Au total, trois modes d'incorporation gouvernent l'enrichissement des ET. Ils se succèdent depuis l'existence de la plante et jusqu'au terme de l'évolution diagénétique qui affecte les charbons tout au long de leur histoire géologique.

La majorité des ET bénéficie d'une double affinité, tant organique que minérale dont les teneurs peuvent être appréciées par la relation 1. Les diverses études réalisées sur les ET dans les charbons montrent clairement qu'il est très difficile de discriminer la part d'un ET associée à la MO de celle associée à la matrice minérale (i.e. les deux termes de la relation 1), notamment grâce à des méthodes indirectes telles que la détermination des minéraux par la DRX. Comme nous le verrons dans le chapitre IV, la méthode PIXE, plus directe, permet de définir la teneur des éléments traces soit dans les macéraux, soit dans la MM.

En théorie, la teneur des ET organophiles devrait être inversement proportionnelle à l'accroissement du rang. Toutefois, Ge lié à la MO par des ponts C-Ge, peut être encore d'affinité organophile même pour des rangs très élevés. Néanmoins il n'est pas exclu d'envisager la possibilité d'incorporation d'ET secondaires au sein de la MO, durant la diagenèse s.l..

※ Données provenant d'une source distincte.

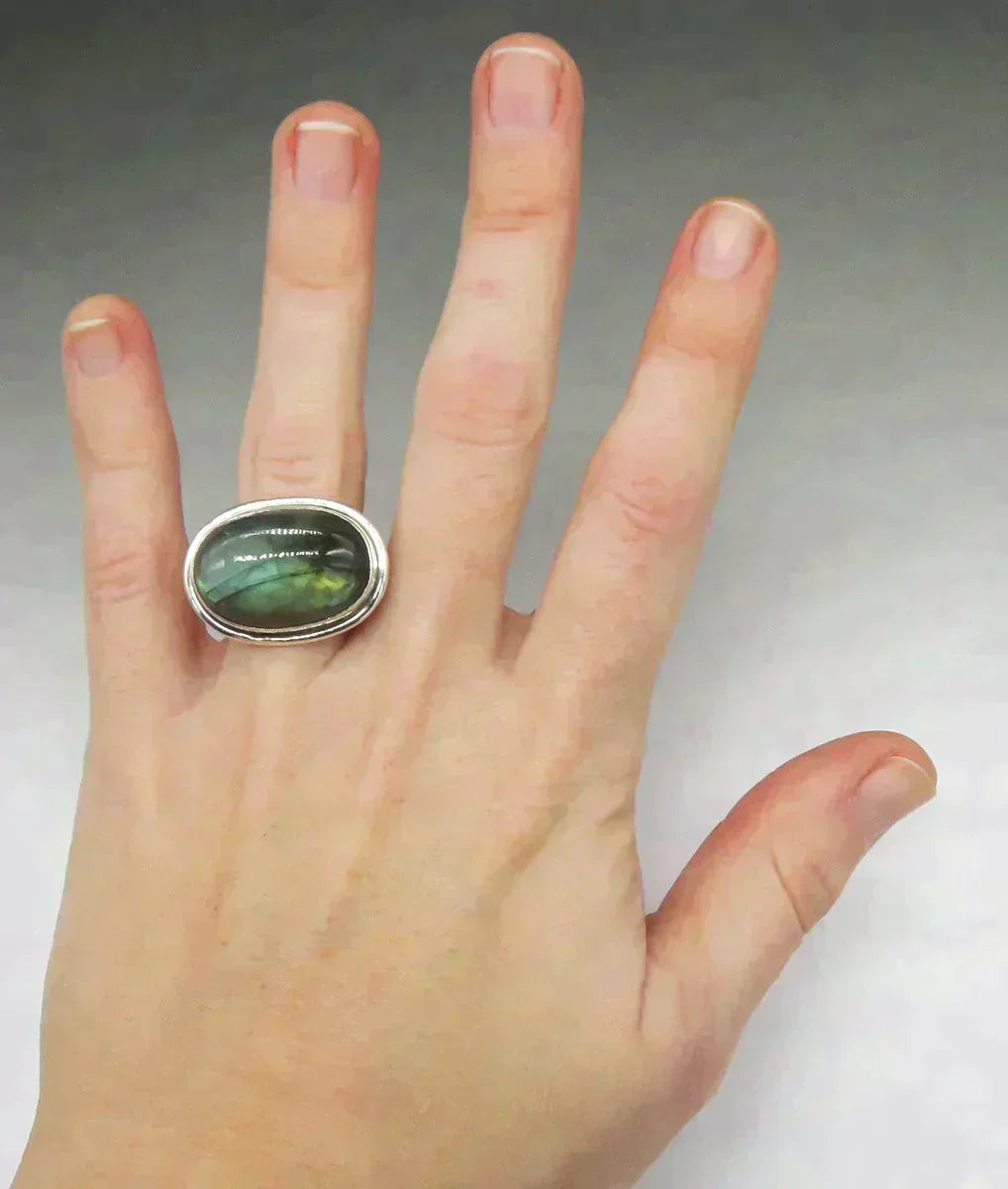Handcrafted Sterling Silver Labradorite Stone Cabochon Statement Ring

Les événements tardifs qui affectent la MO impliquent de nombreuses modifications de l'occurrence et de la nature des ET associés à la MO altérée. L'action de l'altération supergène provoque, a priori, une chute des teneurs des ET organophiles au profit de celles des ET liées

à la MM. Dans le cas d'un processus d'altération impliquant un corps chaud, les échanges d'ET sont beaucoup plus complexes et dépendent fortement de la nature de ce corps ainsi que le rang atteint par le charbon au moment où se produit cette intrusion. Il semble que les ET organophiles soient libérés et que la MO s'enrichit ou s'appauvrit en ET hérités liées à la MM et s'enrichit en ET secondaires, dont la nature dépend notamment de la géochimie du corps intrusif.